A troubling foray to Philly and other election observations
About 100 Trump supporters rallied outside the Virginia Department of Elections in November for a “Stop the Steal” event. (Ned Oliver/Virginia Mercury)
A few thoughts about Election 2020 and its aftermath:
• Why did two men from Chesapeake – supporters of Republican candidates, and one an adherent to bizarre QAnon conspiracies – tote an AR-15 style rifle and handguns to Philadelphia while trying to monitor vote-counting in the closely contested Keystone State?
That’s what local and federal authorities said Antonio LaMotta, 61, and Joshua Macias, 42, did late last week in making the roughly 275-mile trip. Thank goodness someone dropped a dime on the pair so investigators expected them. Neither had a valid Pennsylvania firearms permit to carry; the state doesn’t recognize handgun permits from Virginia, which Macias had.
The men reportedly wanted to “straighten things out” during the vote tabulation and drove a silver Hummer SUV to Philly. They carried about 160 rounds of ammunition, reports said.
Nothing about the trek sounds benign. The rifle, in particular, wasn’t going to help decipher marks on a ballot.
LaMotta is a self-styled security contractor, former city of Chesapeake employee and QAnon conspiracy theorist. Macias is a co-founder of “Vets for Trump.” LaMotta also has supported Virginia state Sen. Amanda Chase, a Chesterfield Republican and 2021 candidate for governor.

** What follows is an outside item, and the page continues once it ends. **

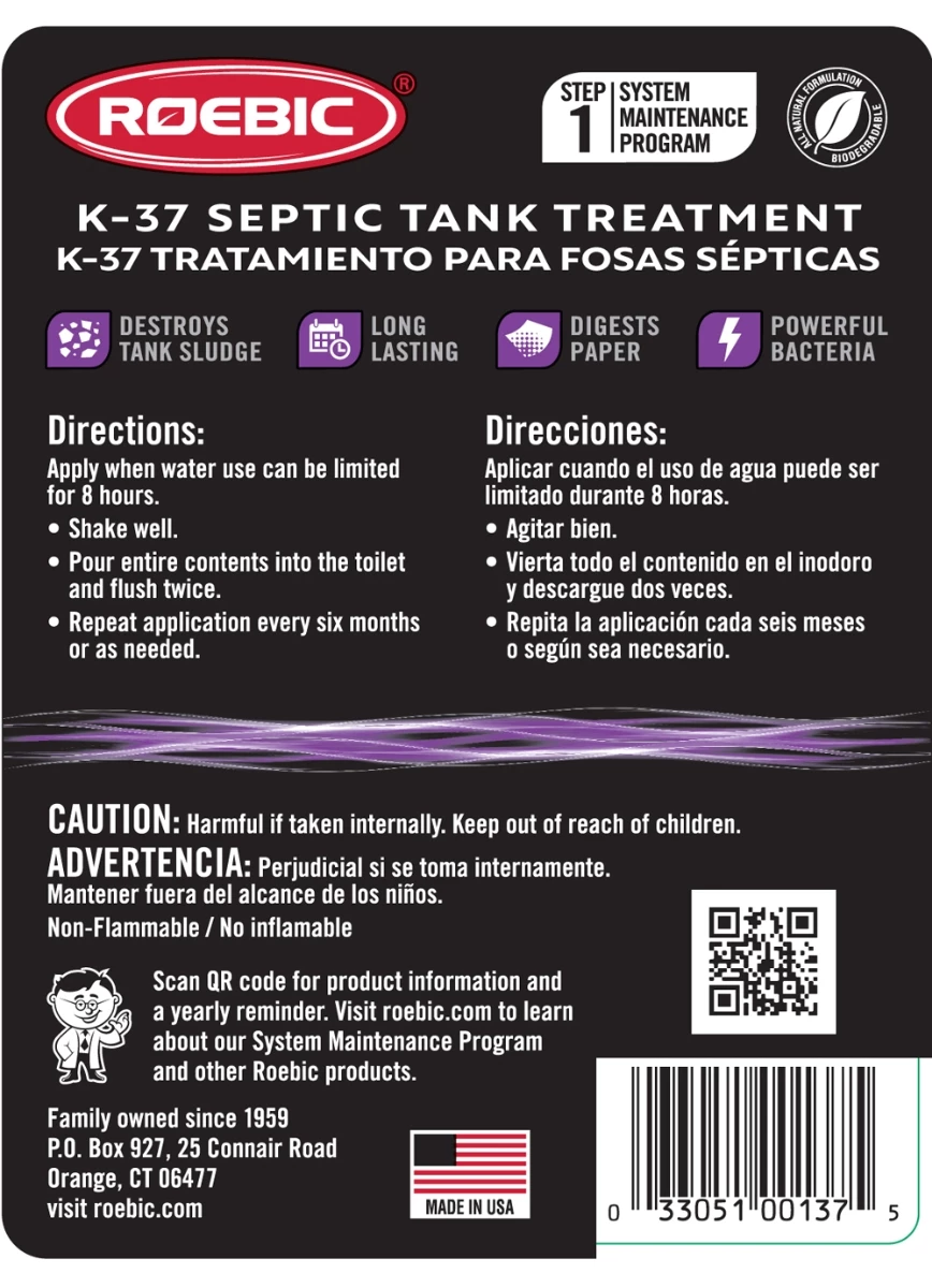 Biological activity in septic tanks is easily thrown out of balance when excessive water, harmful detergents or other harmful chemicals enter the system. K-37 Septic Tank Treatment is specifically designed to restore the natural balance within septic tanks by promoting the efficient and rapid breakdown of solids, thereby reducing sludge and scum levels and resulting in reduced odors, less clogs and more efficient system operation.

I’ll note here that President Donald Trump has repeatedly questioned absentee and mail-in votes and lied about their legitimacy. He’s voted by mail himself – yet has stoked his followers into thinking something is rotten.
The Chesapeake men journeyed to Pennsylvania before the state’s 20 electoral votes put Democrat Joe Biden over the top Saturday, making him the president-elect. The local district attorney charged the men with felony and misdemeanor weapons counts. A woman who accompanied them was not charged.
A Philadelphia prisons spokeswoman told me Tuesday the men remain in custody, each in lieu of $750,000 bail.
• I hesitate to give Sen. Chase any more ink, since she seems to revel in the publicity. Yet her news conference over the weekend, in which she parroted GOP talking points that the presidential election was stolen without providing any proof of fraud, was reckless and incendiary. (Why? See above.)
Chase said wrongdoing even occurred here in the commonwealth. That’s insulting to poll workers, who toiled to make the process run smoothly in the face of a pandemic that’s killed more than 238,000 Americans.
Some 4.4 million Virginians voted in the presidential contest this year, up from 4 million in 2016. Biden won easily, extending a string of recent Democratic victories in presidential and statewide contests.
I wanted to know the basis for her inflammatory claims, and why she flaunts the advice of wearing a mask to fight COVID-19. But Chase’s office didn’t respond to my questions by midday Tuesday.
The senator’s comments, among other actions, should disqualify her from the gubernatorial contest.
• Speaking of voting, recent changes in Virginia have gotten the attention of professors who rate each state’s ease of ballot casting. Northern Illinois University said the commonwealth was one of the worst states in which to vote in 2016, but it rose to 12th-easiest this year.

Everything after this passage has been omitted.